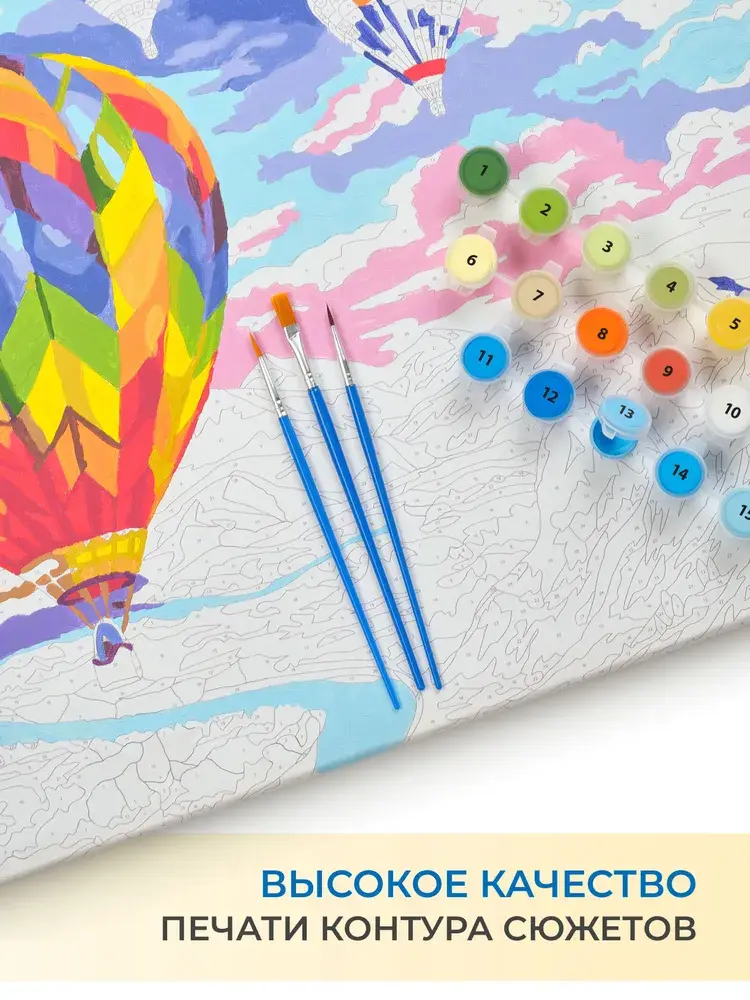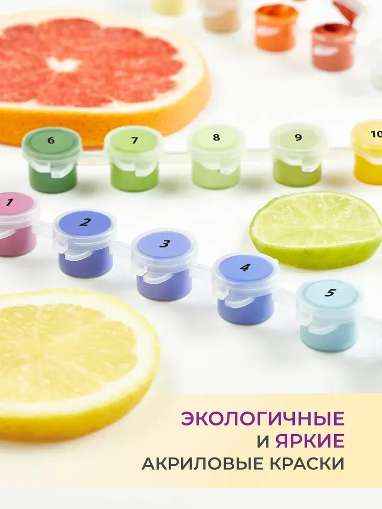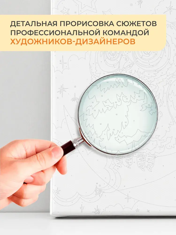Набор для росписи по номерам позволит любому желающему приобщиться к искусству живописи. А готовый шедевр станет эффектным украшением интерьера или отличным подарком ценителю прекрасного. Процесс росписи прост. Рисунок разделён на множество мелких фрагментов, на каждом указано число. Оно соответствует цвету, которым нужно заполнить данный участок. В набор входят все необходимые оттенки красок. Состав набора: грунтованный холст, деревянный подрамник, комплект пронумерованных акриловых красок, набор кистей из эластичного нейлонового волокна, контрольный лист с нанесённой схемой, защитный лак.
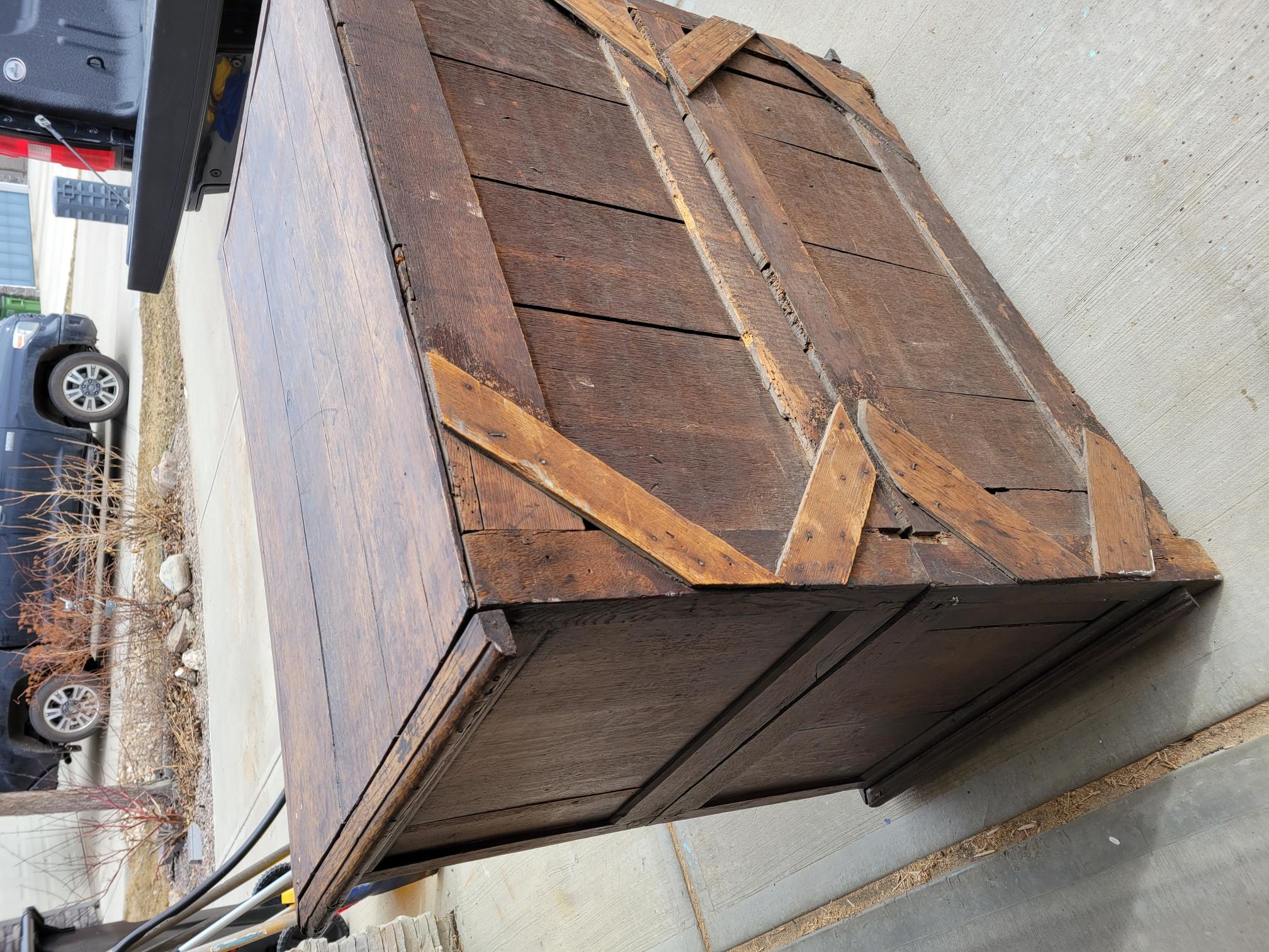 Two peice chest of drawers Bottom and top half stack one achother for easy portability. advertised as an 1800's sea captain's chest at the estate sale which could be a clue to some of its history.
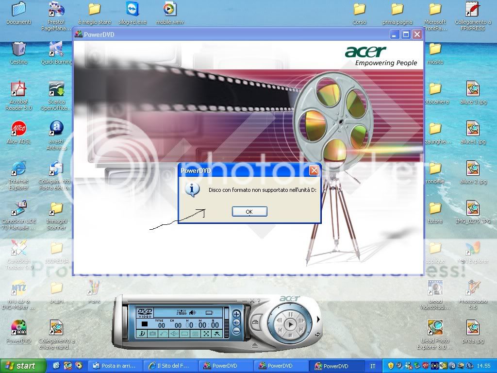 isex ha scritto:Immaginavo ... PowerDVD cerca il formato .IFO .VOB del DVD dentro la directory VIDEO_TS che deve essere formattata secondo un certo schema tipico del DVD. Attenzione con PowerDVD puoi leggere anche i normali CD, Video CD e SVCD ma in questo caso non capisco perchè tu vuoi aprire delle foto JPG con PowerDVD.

...

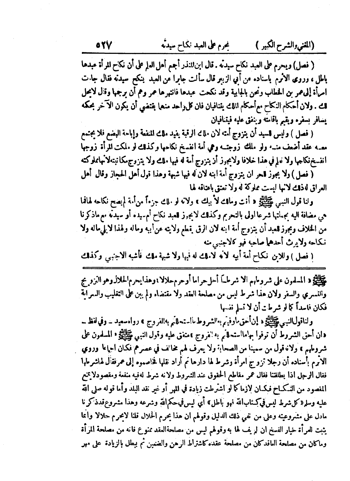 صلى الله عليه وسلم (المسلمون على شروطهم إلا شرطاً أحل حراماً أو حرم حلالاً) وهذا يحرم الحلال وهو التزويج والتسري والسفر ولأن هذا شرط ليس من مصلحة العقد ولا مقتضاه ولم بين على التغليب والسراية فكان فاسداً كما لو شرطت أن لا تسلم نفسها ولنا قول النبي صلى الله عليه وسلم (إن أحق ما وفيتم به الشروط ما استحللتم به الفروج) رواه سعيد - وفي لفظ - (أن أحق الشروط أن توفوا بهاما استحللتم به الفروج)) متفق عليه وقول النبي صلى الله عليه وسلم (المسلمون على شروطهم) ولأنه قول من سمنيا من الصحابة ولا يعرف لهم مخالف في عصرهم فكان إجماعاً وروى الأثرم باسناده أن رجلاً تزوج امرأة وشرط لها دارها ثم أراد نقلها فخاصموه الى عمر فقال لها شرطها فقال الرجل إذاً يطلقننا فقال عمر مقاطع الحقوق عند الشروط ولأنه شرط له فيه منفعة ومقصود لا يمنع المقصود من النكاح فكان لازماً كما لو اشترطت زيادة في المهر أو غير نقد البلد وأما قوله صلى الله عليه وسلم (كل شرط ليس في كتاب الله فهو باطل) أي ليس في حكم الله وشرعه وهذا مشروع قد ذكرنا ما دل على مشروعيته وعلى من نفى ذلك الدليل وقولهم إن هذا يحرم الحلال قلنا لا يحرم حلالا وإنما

◆ **WORK TO BE COMPLETED**
Using the data above, output the line that has "Набор для росписи", the line that has "isex ha scritto:Immaginavo", and whatever lines fall between, each exactly as it stands and without pictures.

◆ **ANSWER AREA**
Набор для росписи по номерам позволит любому желающему приобщиться к искусству живописи. А готовый шедевр станет эффектным украшением интерьера или отличным подарком ценителю прекрасного. Процесс росписи прост. Рисунок разделён на множество мелких фрагментов, на каждом указано число. Оно соответствует цвету, которым нужно заполнить данный участок. В набор входят все необходимые оттенки красок. Состав набора: грунтованный холст, деревянный подрамник, комплект пронумерованных акриловых красок, набор кистей из эластичного нейлонового волокна, контрольный лист с нанесённой схемой, защитный лак.
 Two peice chest of drawers Bottom and top half stack one achother for easy portability. advertised as an 1800's sea captain's chest at the estate sale which could be a clue to some of its history.
 isex ha scritto:Immaginavo ... PowerDVD cerca il formato .IFO .VOB del DVD dentro la directory VIDEO_TS che deve essere formattata secondo un certo schema tipico del DVD. Attenzione con PowerDVD puoi leggere anche i normali CD, Video CD e SVCD ma in questo caso non capisco perchè tu vuoi aprire delle foto JPG con PowerDVD.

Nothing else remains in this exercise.